The final step is to add two lines to the packages/backend/Dockerfile in the Backstage App like below:

packages/backend/Dockerfile
...
RUN apt-get update && apt-get install -y python3 python3-pip
RUN pip3 install mkdocs-techdocs-core==1.1.7

USER node # put the above two lines before this existing line
...

Support Mermaid

If our .md file contains mermaid diagrams, we have to add a plugin, kroki to help generate it.
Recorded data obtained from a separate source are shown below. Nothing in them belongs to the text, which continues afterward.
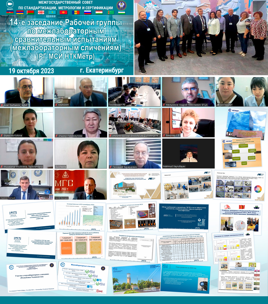 19 октября 2023 года в г. Екатеринбурге, Российская Федерация, в гибридном формате состоялось 14-е заседание Рабочей группы по межлабораторным сравнительным испытаниям (межлабораторным сличениям) Научно-технической комиссии по метрологии (РГ МСИ НТКМетр)
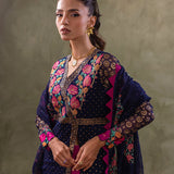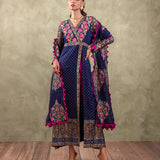 The Pure Chiffon kameez, in a regal shade of Navy Blue, features intricate block prints adorning its fabric, with contrasting embroidered sleeves enhancing its allure with a touch of traditional charm.
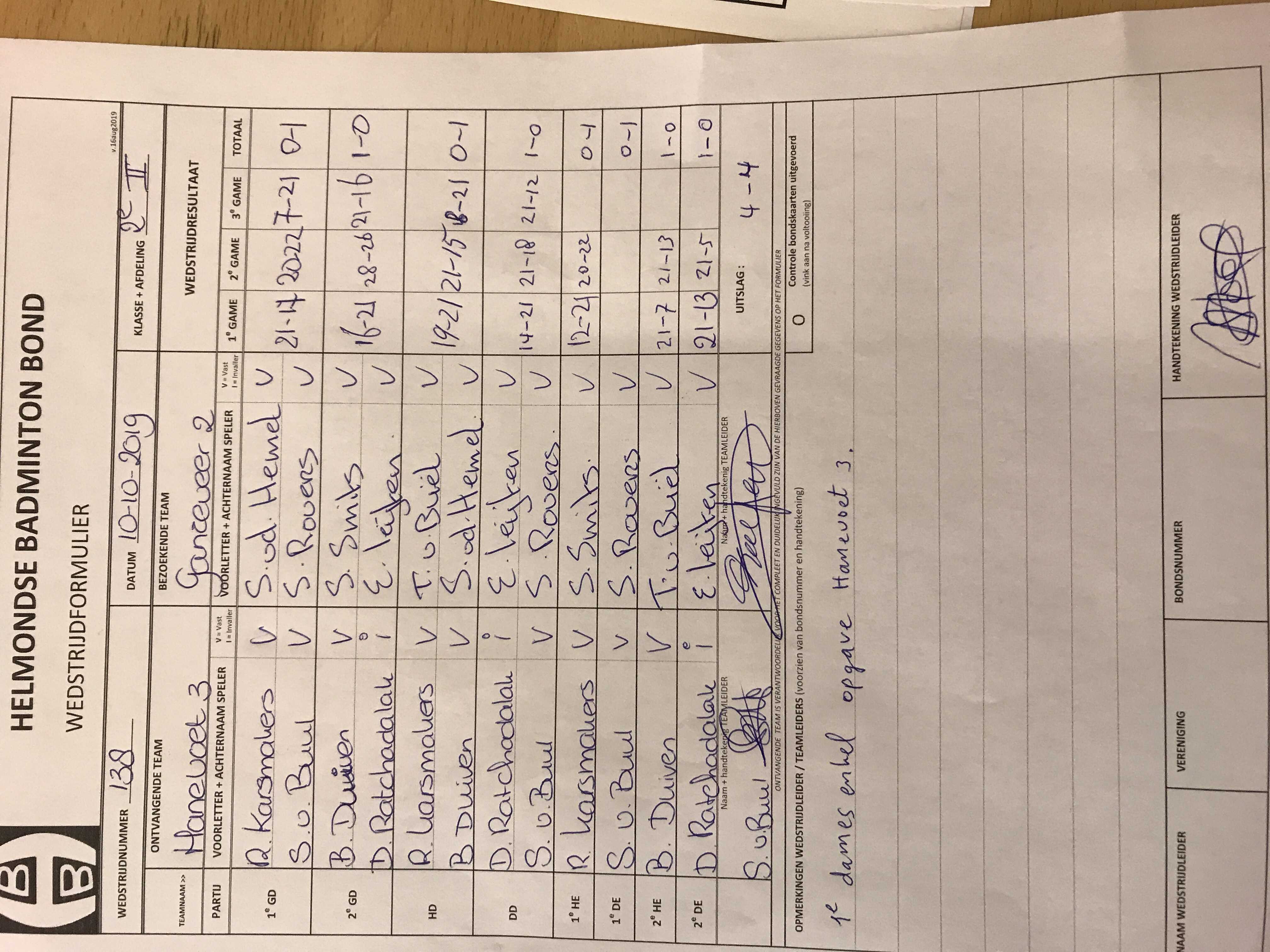 | 138 | do. 10-10-2019 | Hanevoet 3 | - | Ganzeveer 2 | 10 | 4 - 4 | |||
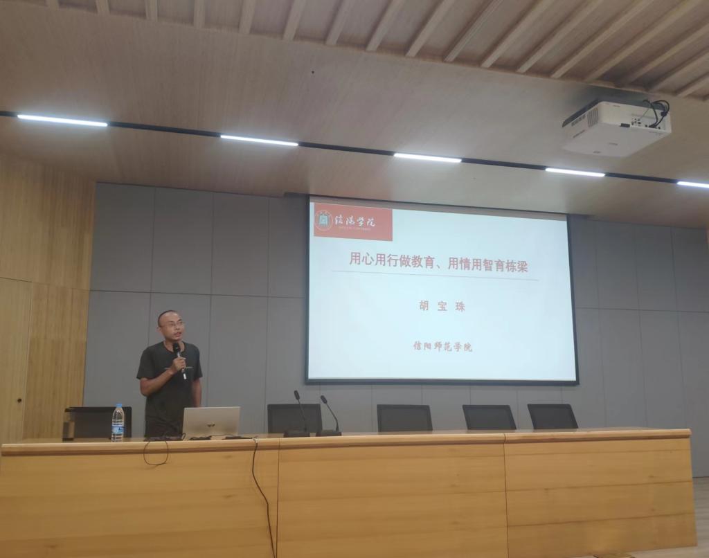 为加强课程教育教学建设,进一步提升教师教育教学水平,8月19日下午,商学院特邀信阳师范学院旅游学院副院长胡宝珠博士为全体教师作了一场题为“用心用行做教育、用情用智育栋梁”的报告会。报告会在图书馆101学术报告厅举行。商学院院长于世良、副院长李毓、吴新静和全体教师到场聆听了讲座。吴新静主持了讲座。

As the tutorial said, we should build a Docker image on our own with a Dockerfile like this:

kroki/Dockerfile
FROM python:3.10-alpine

RUN apk update && apk --no-cache add gcc musl-dev openjdk11-jdk curl graphviz ttf-dejavu fontconfig

RUN pip install --upgrade pip && pip install mkdocs-techdocs-core==1.2.0

RUN pip install mkdocs-kroki-plugin

ENTRYPOINT [ "mkdocs" ]

with a command like:

docker build . ${the-image-name}

Then tell the Backstage to use this image to generate techDoc in the app-config.yaml.

app-config.yaml
...
techdocs:
  builder: 'local'
  generator:
    runIn: 'docker'
    dockerImage: {the-image-name}
    pullImage: false
  publisher:
    type: 'local' # Alternatives - 'googleGcs' or 'awsS3'. Read documentation for using alternatives.
...

Then we should modify the .md file itself to use “kroki-mermaid” instead of “mermaid” ( it’s a little inconvenient though) like this:

```kroki-mermaid
{kind of diagram i.e. C4Context}
{the original contents}
```

Finally, we can restart the Backstage App and see the result:

techDoc_Link.png

We can access the techDocs either by the link in a resource (i.e. System, Component…) with the annotation (above picture) or the Documentation list (below picture).

techDoc_list.png

After we access the page, we can see the Backstage start to generate the documents. After a moment, we can see the result:

techDocDemo1.png

With a navigator in the left sidebar, and a table of contents in the right side.

techDocDemo2.png

it can also show the mermaid-diagram.

mermaid.png

Sweet!


Summary

This article show how to enhance the developer experience by integrating Our Apps into Backstage, which is designed to centralize all essential knowledge required for development, maintenance, and monitoring.

Here provides a step-by-step guide focus on how to add software catalog to configure components and APIs. Then also include TechDocs to keep all things together.